WASHINGTON — On this day one year ago, President Donald Trump declared that a “chronic trade deficit” had become a national emergency, resulting in the need for the United States to impose retaliatory tariffs on American allies and foes alike to “make America wealthy again.”
The announcement created shockwaves through global markets and set off a scramble from partners and allies to try and work out less punitive agreements. The volatile shifts that followed — in which the administration repeatedly paused or modified how it would employ tariffs, followed by the Supreme Court overturning the tariffs in February — seemed sure to disrupt the defense industry at a time of expected growth.
But, according to two experts and a former defense official, the defense industry has largely ridden out the worst of the storm, thanks to a series of national security exemptions. Where the impacts have been most felt, they say, is on the man hours and administrative burden of applying to obtain those exemptions, which often have to be done on a case-by-case basis.
“The administration has a very strong objective to sell more defense equipment overseas for better burden sharing,” said Dak Hardwick, vice president of international affairs for the Aerospace Industries Association. “That’s why they have recognized that defense as a sector is one of those strategic sectors to try and provide some tariff mitigation efforts.”
For most of 2025 defense and aerospace companies were primarily affected by the so-called “reciprocal tariffs,” imposed under the International Emergency Economic Powers Act (IEEPA).

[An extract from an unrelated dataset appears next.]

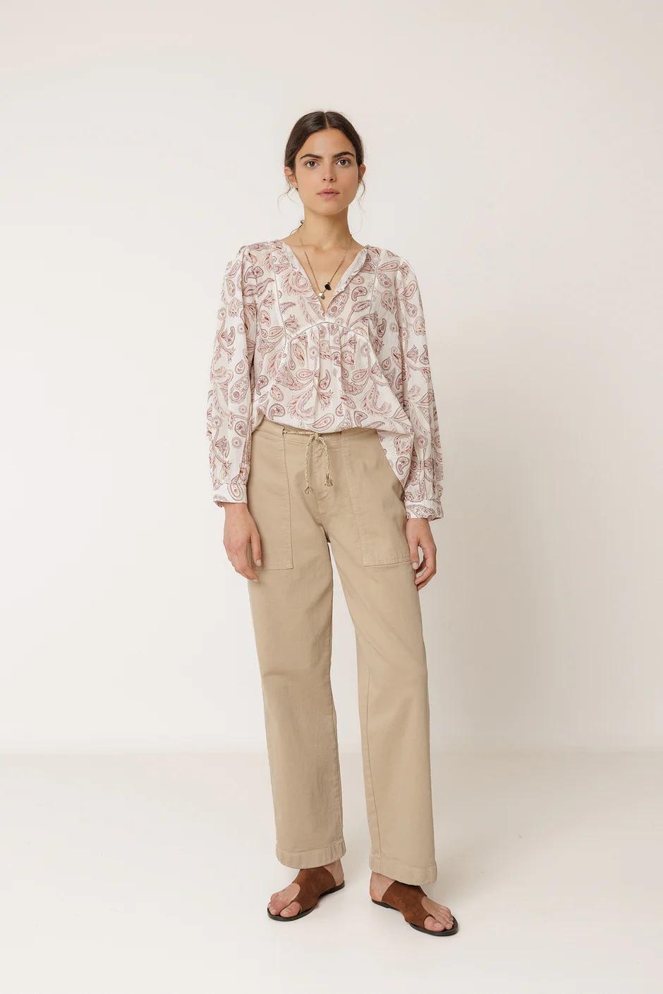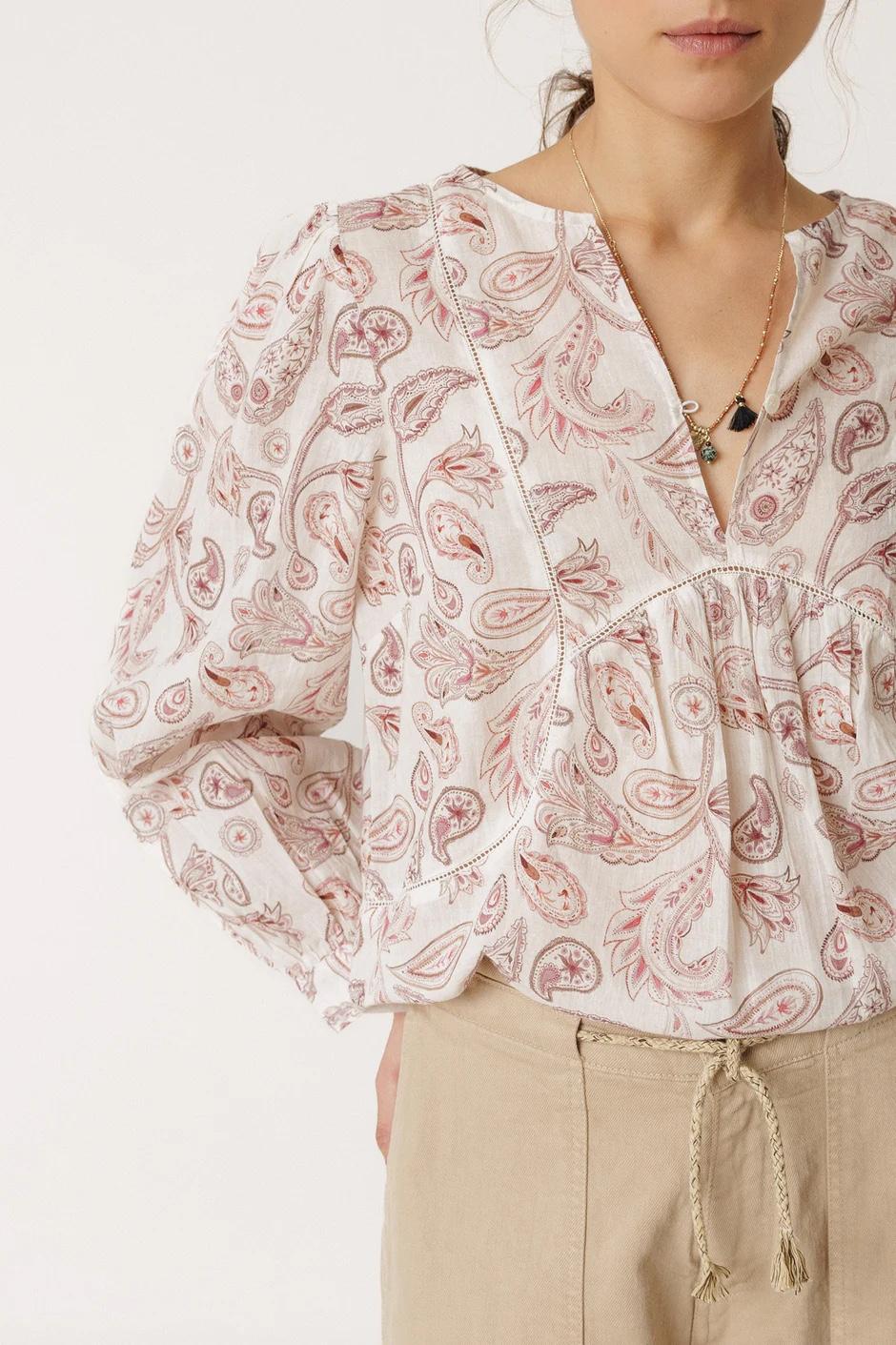 • Hombro encajado y manga larga con puño y cierre de botón • Cuello redondo acabado en V con cierre de botón. • Detalles de vainicas en el talle sobre un tejido de algodón orgánico. • Estampados paisley y étnico. • Fit regular: Diseñado para llevar un fit estándar • Medidas sobre talla S en plano: Largo desde hombro 64cm. Ancho de pecho 49cm. Ancho de bajo 58cm. Tallaje: +1 cm de largo por talla y +2cm en contornos.

Companies have also suffered the ripple effects of tariffs on steel and aluminum purchases, known as Section 232 tariffs.
Defense contractors can avoid being hit with steel and aluminum tariffs — which are widely used in the manufacture of ships, aircraft and other weaponry — through Chapter 98 of the US Harmonized Tariff Schedule, which provides an exemption for certain defense materials.
The Defense Contracts Management Agency has been “really good” at working with companies to modify those contracts, Hardwick said. However, those exemptions have to be negotiated on a contract-by-contract basis, and raw materials such as aluminum and steel are frequently bought in bulk by companies who do both defense and commercial manufacturing.
And while international weapons sales made using the foreign military sales (FMS) process are able to be exempted from tariffs, that doesn’t apply to weapons sold under the direct commercial sales process, he added.
The bureaucratic burden of seeking exemptions is also greater for small companies than the major primes. While large companies “have had to build the muscle to get these exemptions” through filing the required paperwork, smaller companies may be less likely to have the administrative or legal resources to take that on — potentially making them more vulnerable to tariff impacts, said Jonathan Hillman, senior fellow for geoeconomics at the Council on Foreign Relations.
“Big companies worry about that too, because visibility vanishes and blind spots arise the further companies look down their supply chains” he said.
The lack of a single clearinghouse office or agency overseeing the exemptions — as well as other macroeconomic pressures — means it’s hard to get a real handle on the impacts, one former Defense Department official told Breaking Defense.
“There are provisions for defense work to be granted exemptions for tariffs, but it’s fairly bureaucratic, and they have to request it through their contracting officer,” the former official said.
“It’s hard to discern, sometimes, tariffs from other inflationary pressures, much like, frankly, when COVID was going on, it was hard to tease out the difference between COVID related increases in cost and inflation. I do think that … the shifting tariff policy makes it difficult for all companies to plan.”
The ground shifted again following the Supreme Court’s ruling, which paved the way for companies to seek reimbursement for lost costs, as well as the Trump administration’s announcement of a subsequent 10 percent tariff through Section 122 of the Trade Act of 1974.
Those new tariffs haven’t made a major impact on defense firms, Hardwick said. Instead, the biggest area where his office is receiving questions from aerospace and defense companies is the process to get refunds for costs related to the older IEEPA tariffs.
“That process is not settled out yet,” he said. “It’s something that we’re working on to find a mechanism that would provide for those types of refunds, because we want to ensure those small, medium-sized companies do get that money back to flow into their operating income.”
During earnings calls last April, the CEOs of the defense primes by and large predicted that the tariffs would have minimal financial impact on defense-specific margins, but those with exposure in the commercial aerospace industry estimated hundreds of millions of dollars in added costs.
In an earnings call in January, executives for RTX said tariffs resulted in $600 million in additional costs during 2025. Those costs, driven primarily by the commercial side of the company, were actually lower than its initial estimate of $800 million.
Meanwhile, Boeing — which initially predicted less than $500 million in tariff impacts last year — did not provide an updated total in its latest earnings call.
“This is super dynamic, right? It could change tomorrow,” Boeing CEO Kelly Ortberg told investors in January when asked about the company’s forecast for tariffs in 2026.
“But I think if you step back from all the dynamics day in, day out, I think at least the US administration fully understands the importance of commercial aerospace to the US economy. They’ve been very supportive. And we’ve worked through what initially looked like some pretty hairy tariff environments to resulting in pretty good outcomes.”
Ashley Roque contributed to this report.